I wanted to write in about mother's day. I had warned my family it was going to be a hard day for me. My parents and one set of grandparents, I hadn't mentioned it to the other pair. My husband and I live across the country from everyone, so maybe that makes it easier for them to not say anything. My parents reached out and said they were thinking of me. My brother texted me to say hi, so maybe he knew it would be a tough day. A friend of mine with losses reached out and we wished each other a happy mother's day. But none of my grandparents emailed, texted, called, nothing. My mother in law who lost twin boys at one and a half in a house fire didn't contact me at all, though she has three living children now with my husband being one of them. None of my other family said anything either. I lost my precious Julian in February, he should have been three months old for this first mother's day of mine. Instead he died the day before I was supposed to be induced. I guarantee if he was alive they all would have said something. But he isn't. And they didn't. My husband and I still had a nice day, and I was able to look at the pictures I have of my boy and be proud of him and feel so much love, it didn't hurt as much this time. But the lack of acknowledgement hurts so much more than I thought it would. Not like a loss at any stage is any easier, it isn't. But he was full-term. Ready to be born. I birthed a beautiful boy. I carried him 9 months. I loved him with every ounce of my being and love him so fiercely. I still went through labor. I tore. My milk came in and went, no baby to feed. I still have crazy stretch marks on my body which I love, because it is proof he was here, that there is a battle. I held my lifeless boy in my arms. I'm trying to live for him and honor him because it makes this easier. Makes it softer. And yet no acknowledgement from most of my family for this day. I know I'm his mother still. But wow, this really stings. And I really wasn't prepared for it. I hoped people would say something, acknowledge me because it acknowledges him and that he existed. Nope. Maybe I should have told everyone to say something to me today. But should I have to?
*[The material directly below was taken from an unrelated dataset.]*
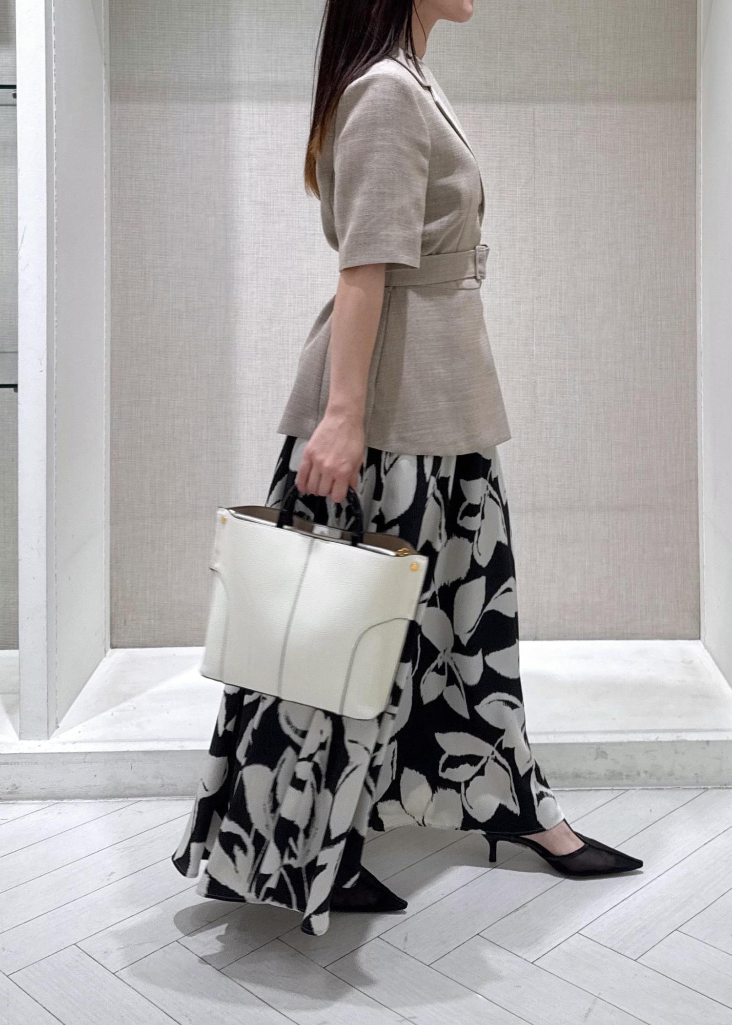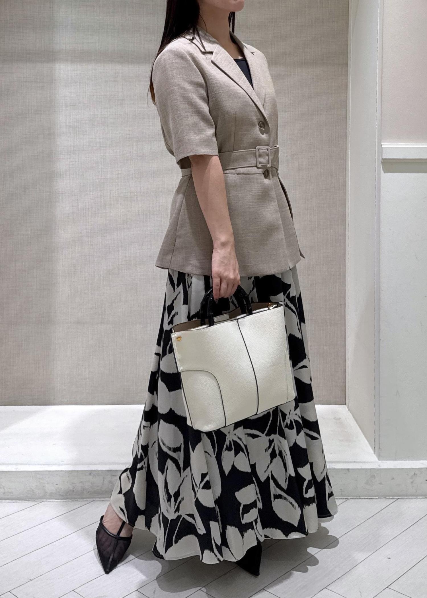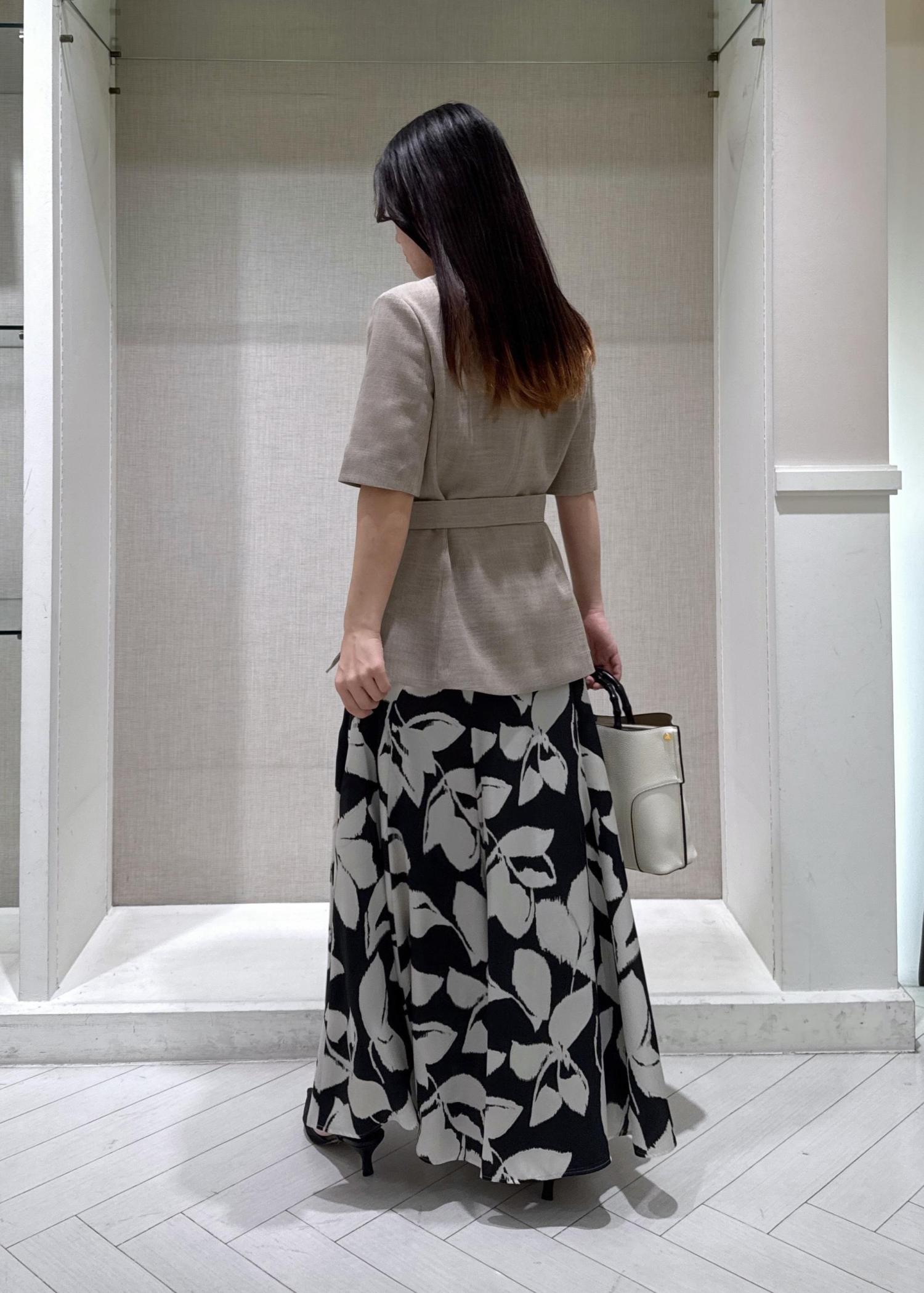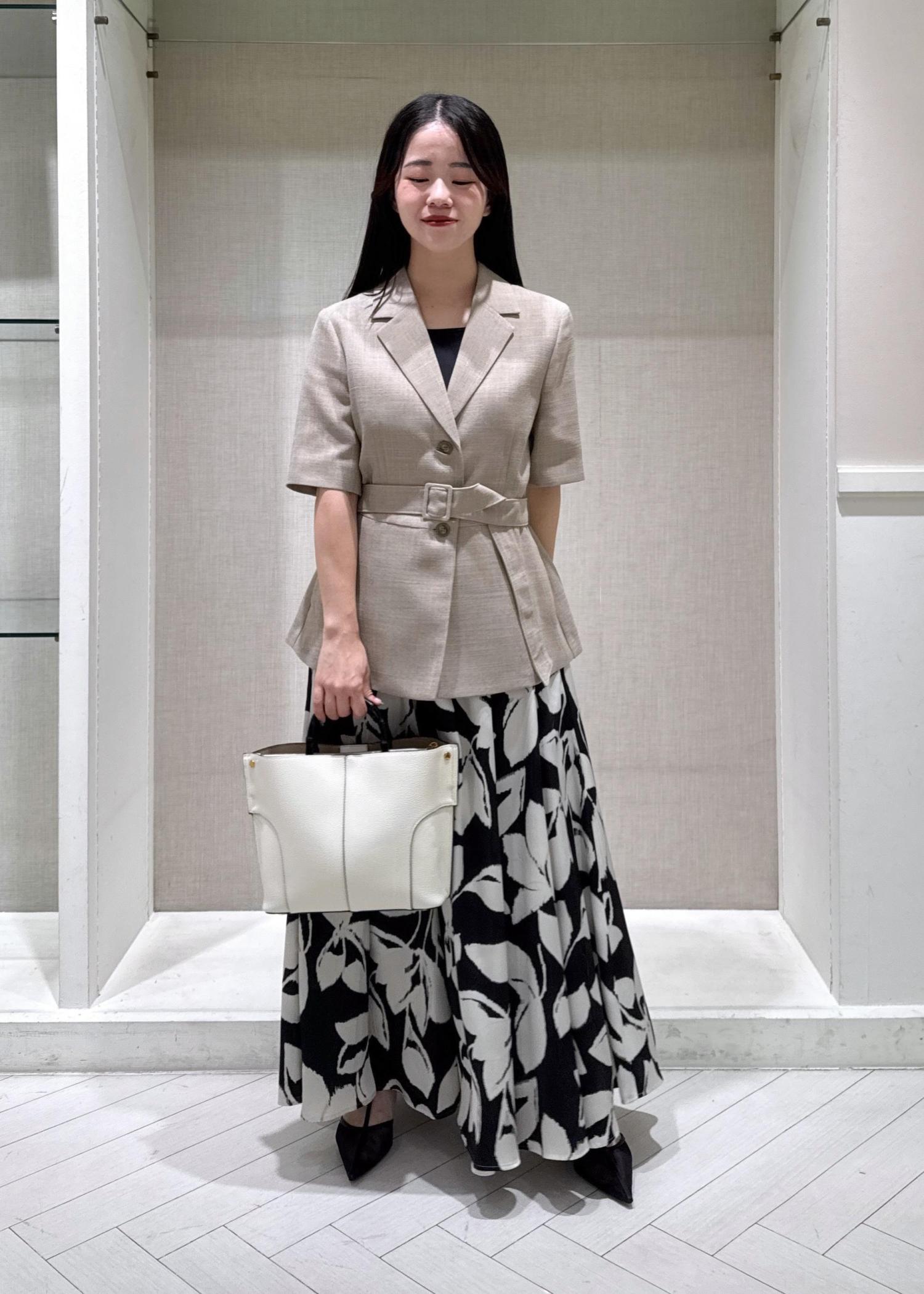 リネンのようなサッパリ感のあるジャケットは暑い日も快適に着用できます♪さらにフレア感のあるスカートと合わせると着心地も、見た目も、爽やかになること間違いなしです!

I am so sorry if any mothers here had a difficult day or felt invalidated, invisible like I did. It hurts so much. Love to you all, no matter your journey here. You and your angels still matter.
May 9, 2022 | Unregistered CommenterKendra
Kendra, I’m so sorry your family was as supportive as you’d hoped and that your sweet Julian isn’t here with you. It’s all just so hard, unfair, and awful. Sending you a hug and some gentleness as you navigate all of this.